Task statement: Only the lines from the one containing "Антоненко, 2 |" through the last line of the data below belong in your answer, copied exactly and without pictures.

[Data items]
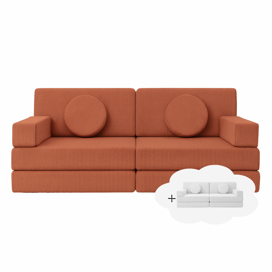 💡 Tip: Measuring your space before ordering is always a good idea. If the full-size Whatsie is a little too big for your room, we also offer the Shortie (a smaller version with shorter base cushions) and the Armie (a compact single-seater style). These options are perfect for smaller playrooms, apartments, or as an add-on to expand your play setup over time.
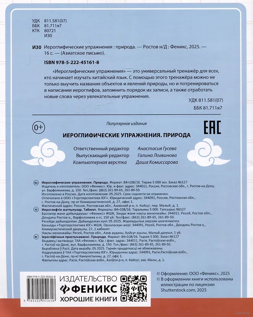 | Изготовитель | ЗАО "Издательство "Феникс". 190000, РФ, г. Санкт-Петербург, пер. Антоненко, 2 |
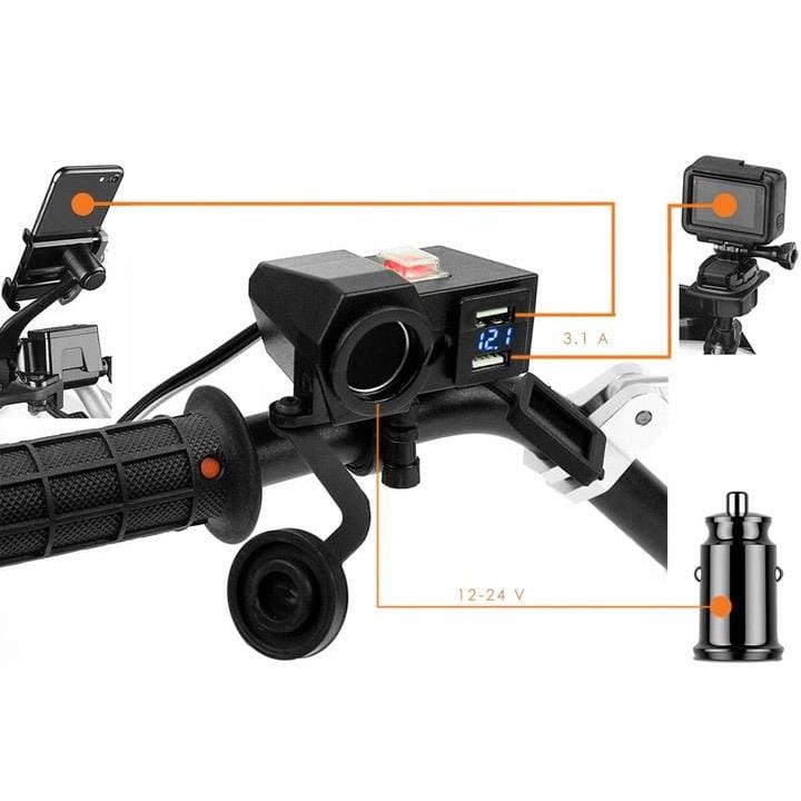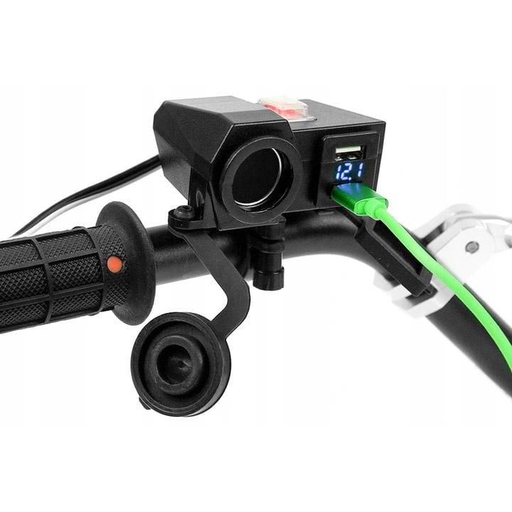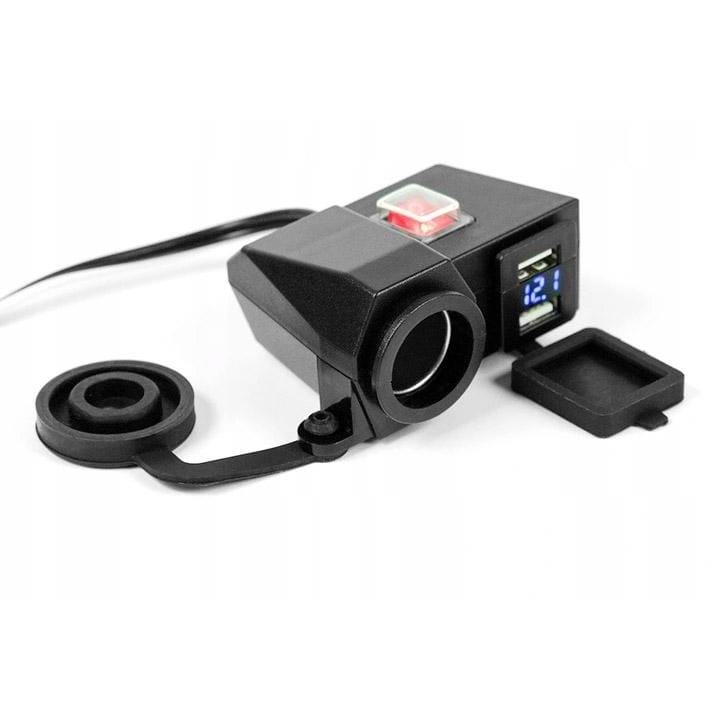Gniazdo zapalniczki + Ładowarka motocyklowa 2xUSB + woltomierz eXtremestyle MUS06 – uniwersalne, wodoodporne gniazdo z funkcją szybkiego ładowania trzech urządzeń jednocześnie.
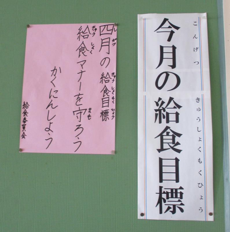 新年度になり、1年生が入学してきたので、給食のマナーを改めて確認して守ろうということで、この目標になりました。
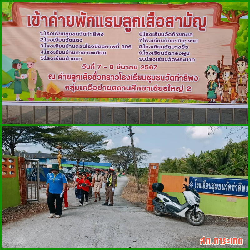 7 มีนาคม 2567 08.30 น. – 23.59 น. ภายใต้อำนวยการของ พ.ต.ท.วรรณชัย คงศาลา สวญ.สภ.การะเกด มอบหมายให้  พ.ต.ท.สายันต์  ชูกร สวป.สภ.การะเกด สั่งการให้ ร้อยเวร 20  ชุดสายตรวจรถยนต์ ชุดเคลื่อนที่เร็ว และสายตรวจจราจร อำนวยความสะดวกด้านการจราจรและรักษาความปลอดภัย ให้แก่ลูกเสือ-เนตรนารี เข้าค่ายพักแรม ของโรงเรียนชุมชนวัดท่าลิพง เหตุการณ์ปกติ

Solution for this task:
 | Изготовитель | ЗАО "Издательство "Феникс". 190000, РФ, г. Санкт-Петербург, пер. Антоненко, 2 |
Gniazdo zapalniczki + Ładowarka motocyklowa 2xUSB + woltomierz eXtremestyle MUS06 – uniwersalne, wodoodporne gniazdo z funkcją szybkiego ładowania trzech urządzeń jednocześnie.
 新年度になり、1年生が入学してきたので、給食のマナーを改めて確認して守ろうということで、この目標になりました。
 7 มีนาคม 2567 08.30 น. – 23.59 น. ภายใต้อำนวยการของ พ.ต.ท.วรรณชัย คงศาลา สวญ.สภ.การะเกด มอบหมายให้  พ.ต.ท.สายันต์  ชูกร สวป.สภ.การะเกด สั่งการให้ ร้อยเวร 20  ชุดสายตรวจรถยนต์ ชุดเคลื่อนที่เร็ว และสายตรวจจราจร อำนวยความสะดวกด้านการจราจรและรักษาความปลอดภัย ให้แก่ลูกเสือ-เนตรนารี เข้าค่ายพักแรม ของโรงเรียนชุมชนวัดท่าลิพง เหตุการณ์ปกติ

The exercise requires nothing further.